HOW TO COMPLETE THIS TASK
Reproduce word for word every line from the one containing "Beautiful link bracelet" to the final line of the data below; omit the pictures.

EXERCISE DATA

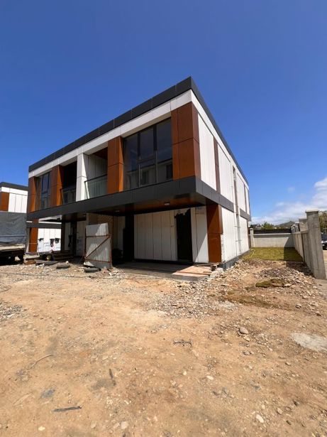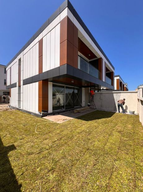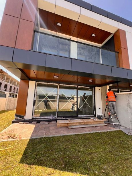 A house under construction is for sale in the Avgia settlement in Batumi, 800 meters from the Sarpi-Gonio highway, with panoramic views of the sea and mountains. The house will have a private decorated yard. The exterior facade features aluminum composite panels, aluminum window package frames and showcases, and glass railings.
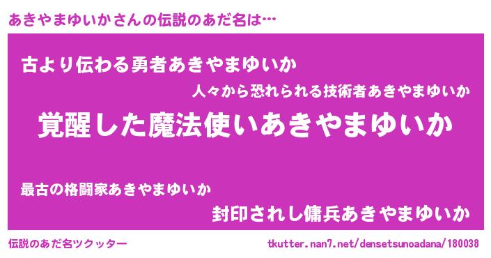 | 男性向けラノベタイトル風あだ名 | 『この素晴らしい世界にあきやまゆいかを!』 |
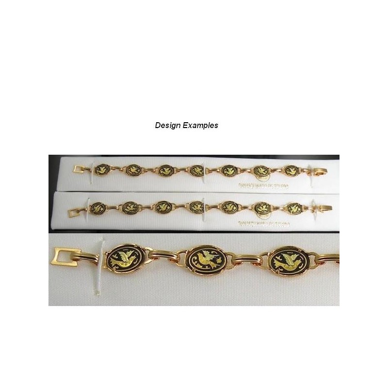 Beautiful link bracelet with handmade gold damascene design work featuring birds and flora design. The links of this bracelet measure 11 mm x 9 mm and are oval in shape. Overall length of bracelet is 6 1/2 inches.
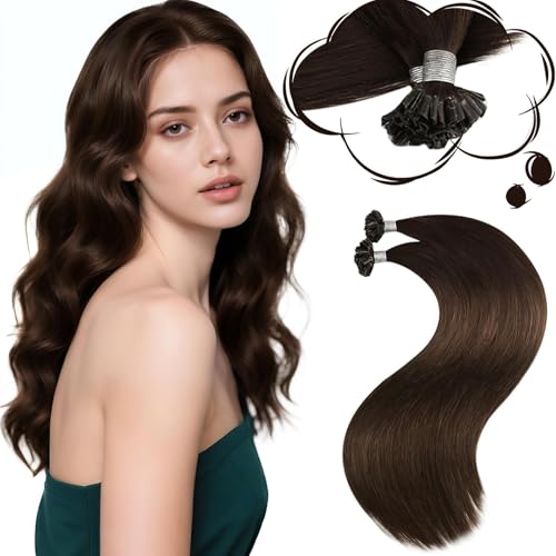 Moresoo Extension Cheveux Naturel Keratine Marron Foncé Remy Extension Cheveux Keratine a Chaud Marron Chocolat 50 Mèches 50g #4 45 cm/18 Pouce

RESPONSE TO THE TASK
 Beautiful link bracelet with handmade gold damascene design work featuring birds and flora design. The links of this bracelet measure 11 mm x 9 mm and are oval in shape. Overall length of bracelet is 6 1/2 inches.
 Moresoo Extension Cheveux Naturel Keratine Marron Foncé Remy Extension Cheveux Keratine a Chaud Marron Chocolat 50 Mèches 50g #4 45 cm/18 Pouce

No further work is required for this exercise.